- **WHAT YOU SHOULD DO**: Could you retype exactly the lines below between the one holding "TOKYO☆CAMPGO トーキョーキャンプゴー 防水" and the one holding "After that first", inclusive, leaving out any pictures?

-- TASK INPUT follows --

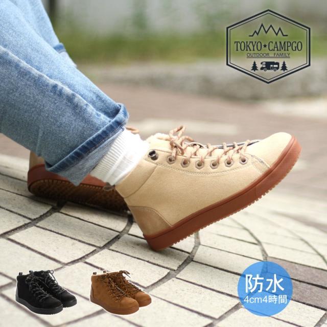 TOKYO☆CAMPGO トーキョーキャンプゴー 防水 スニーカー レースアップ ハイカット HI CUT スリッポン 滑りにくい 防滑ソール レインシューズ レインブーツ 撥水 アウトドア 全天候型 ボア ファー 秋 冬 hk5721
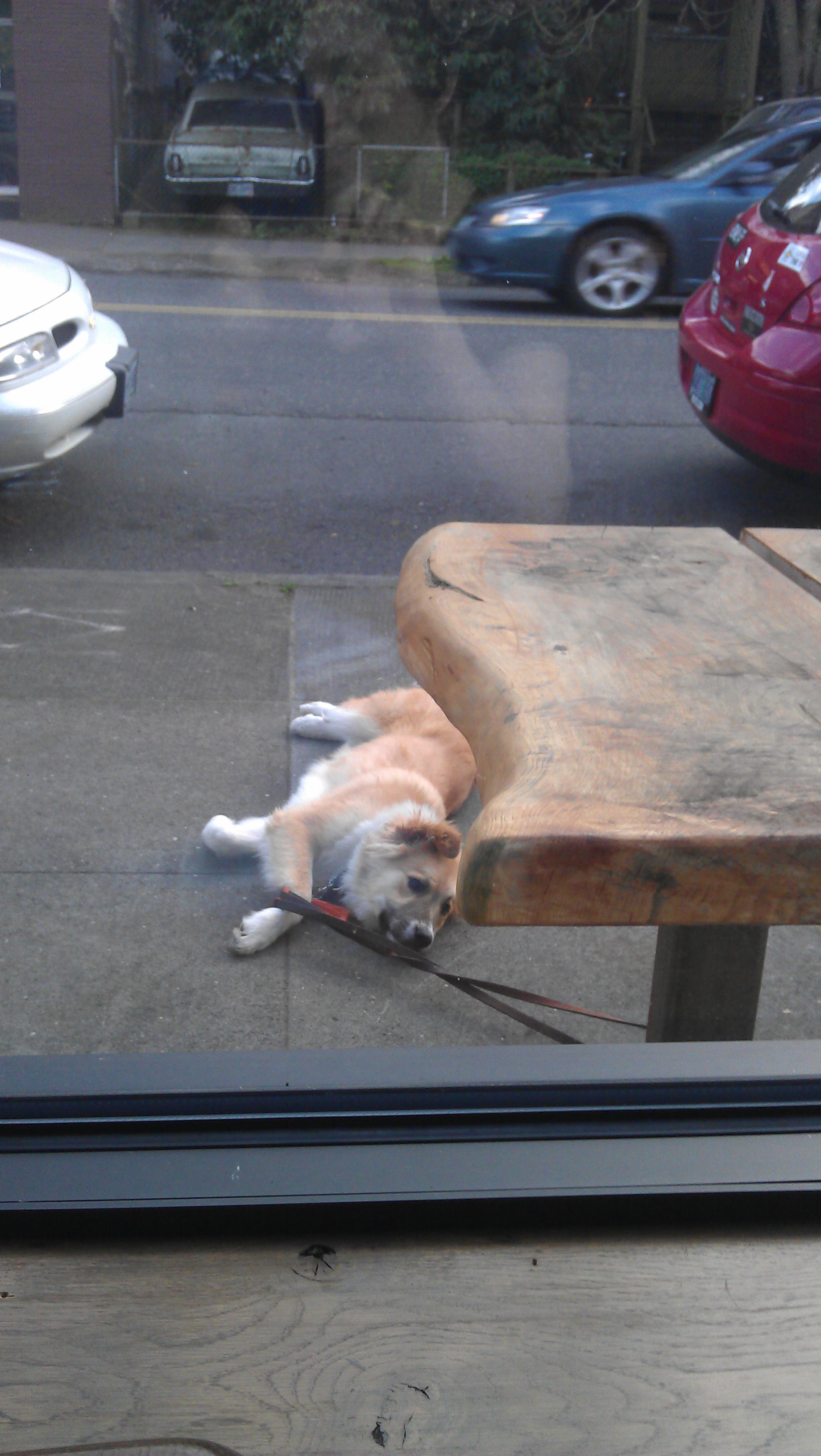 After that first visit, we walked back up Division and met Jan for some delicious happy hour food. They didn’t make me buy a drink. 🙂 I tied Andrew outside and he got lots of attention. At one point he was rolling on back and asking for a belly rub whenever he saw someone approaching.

-- TASK INPUT concluded --
-- TASK INPUT follows --

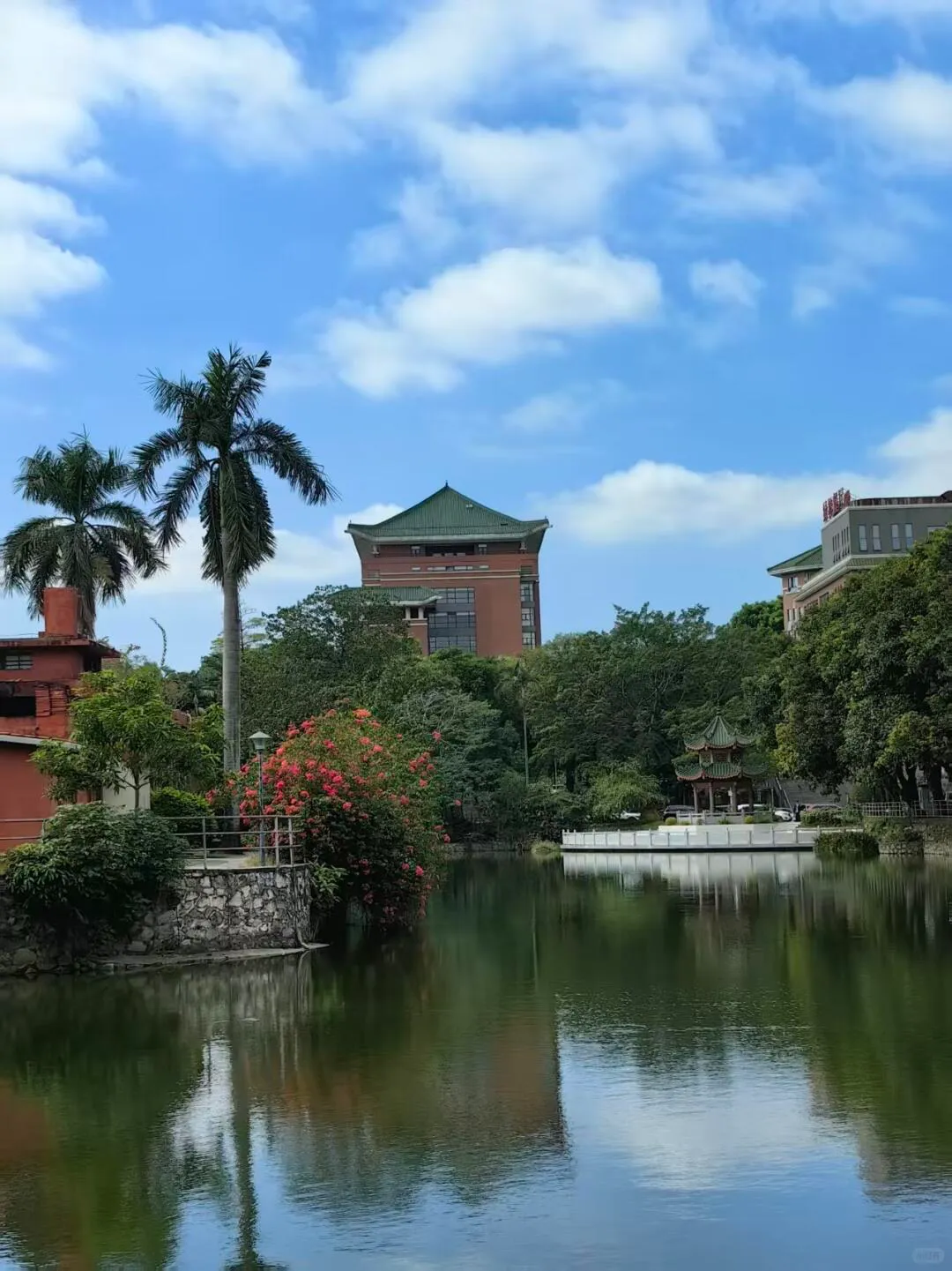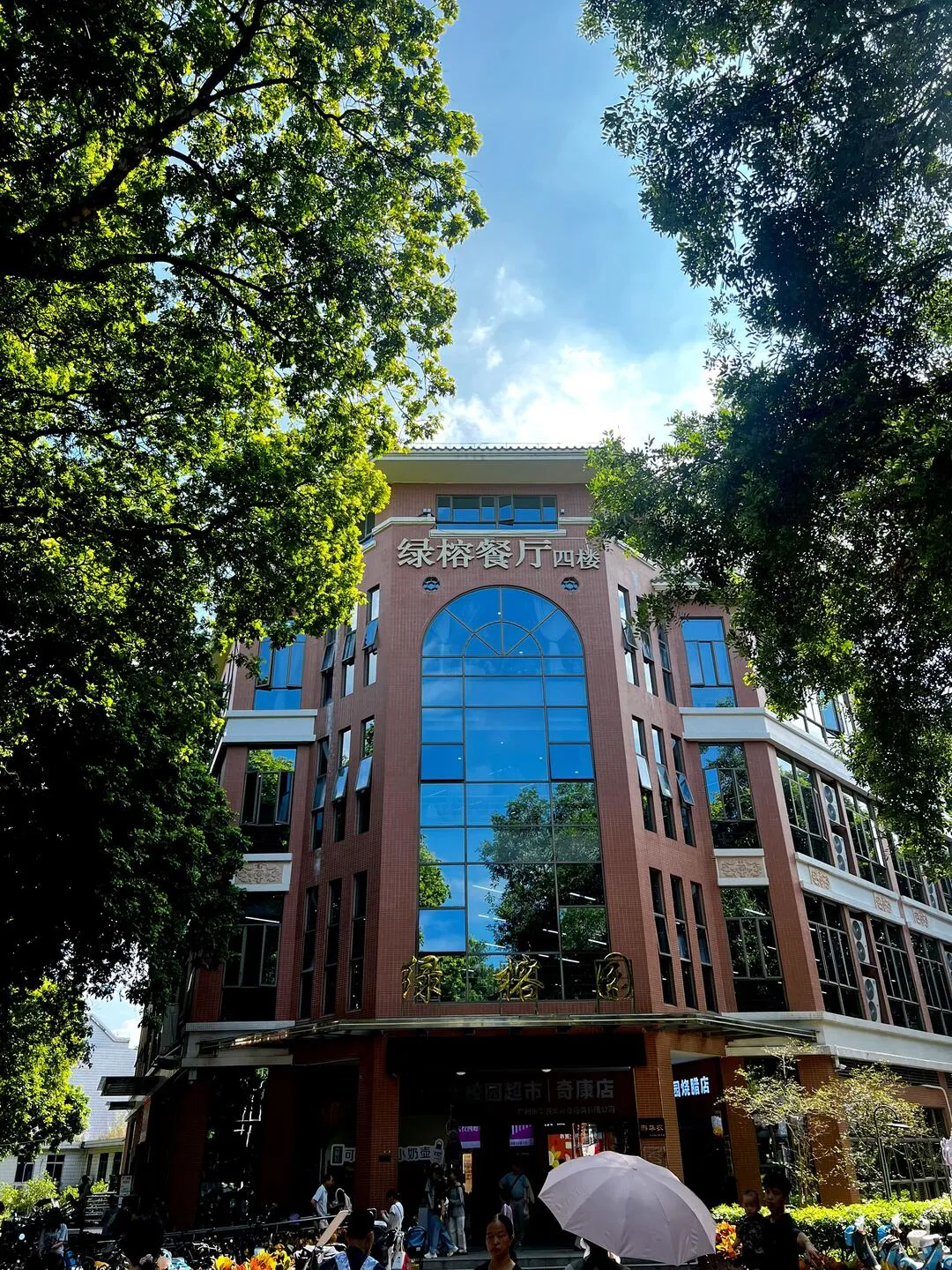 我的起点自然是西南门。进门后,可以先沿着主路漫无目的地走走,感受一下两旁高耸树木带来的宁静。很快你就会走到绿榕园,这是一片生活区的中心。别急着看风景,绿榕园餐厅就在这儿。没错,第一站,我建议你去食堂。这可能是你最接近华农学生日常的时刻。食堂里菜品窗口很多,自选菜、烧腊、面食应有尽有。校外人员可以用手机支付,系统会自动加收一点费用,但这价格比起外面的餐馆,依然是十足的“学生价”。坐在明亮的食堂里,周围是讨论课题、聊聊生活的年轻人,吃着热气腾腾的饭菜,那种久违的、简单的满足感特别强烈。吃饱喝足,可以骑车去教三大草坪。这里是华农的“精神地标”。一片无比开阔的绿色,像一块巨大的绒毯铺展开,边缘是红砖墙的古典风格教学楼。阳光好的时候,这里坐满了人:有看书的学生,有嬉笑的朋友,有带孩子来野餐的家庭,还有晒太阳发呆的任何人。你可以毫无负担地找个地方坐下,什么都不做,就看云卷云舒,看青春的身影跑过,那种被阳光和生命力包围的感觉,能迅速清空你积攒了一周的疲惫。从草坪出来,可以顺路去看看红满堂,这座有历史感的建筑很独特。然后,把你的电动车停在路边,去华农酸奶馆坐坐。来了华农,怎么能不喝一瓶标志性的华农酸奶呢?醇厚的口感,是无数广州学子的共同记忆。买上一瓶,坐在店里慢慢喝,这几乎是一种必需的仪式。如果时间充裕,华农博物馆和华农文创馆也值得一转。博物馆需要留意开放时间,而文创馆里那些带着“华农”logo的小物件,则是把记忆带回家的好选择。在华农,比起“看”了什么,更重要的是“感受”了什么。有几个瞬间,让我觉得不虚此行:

-- TASK INPUT concluded --

- **EXPECTED ANSWER**:
 TOKYO☆CAMPGO トーキョーキャンプゴー 防水 スニーカー レースアップ ハイカット HI CUT スリッポン 滑りにくい 防滑ソール レインシューズ レインブーツ 撥水 アウトドア 全天候型 ボア ファー 秋 冬 hk5721
 After that first visit, we walked back up Division and met Jan for some delicious happy hour food. They didn’t make me buy a drink. 🙂 I tied Andrew outside and he got lots of attention. At one point he was rolling on back and asking for a belly rub whenever he saw someone approaching.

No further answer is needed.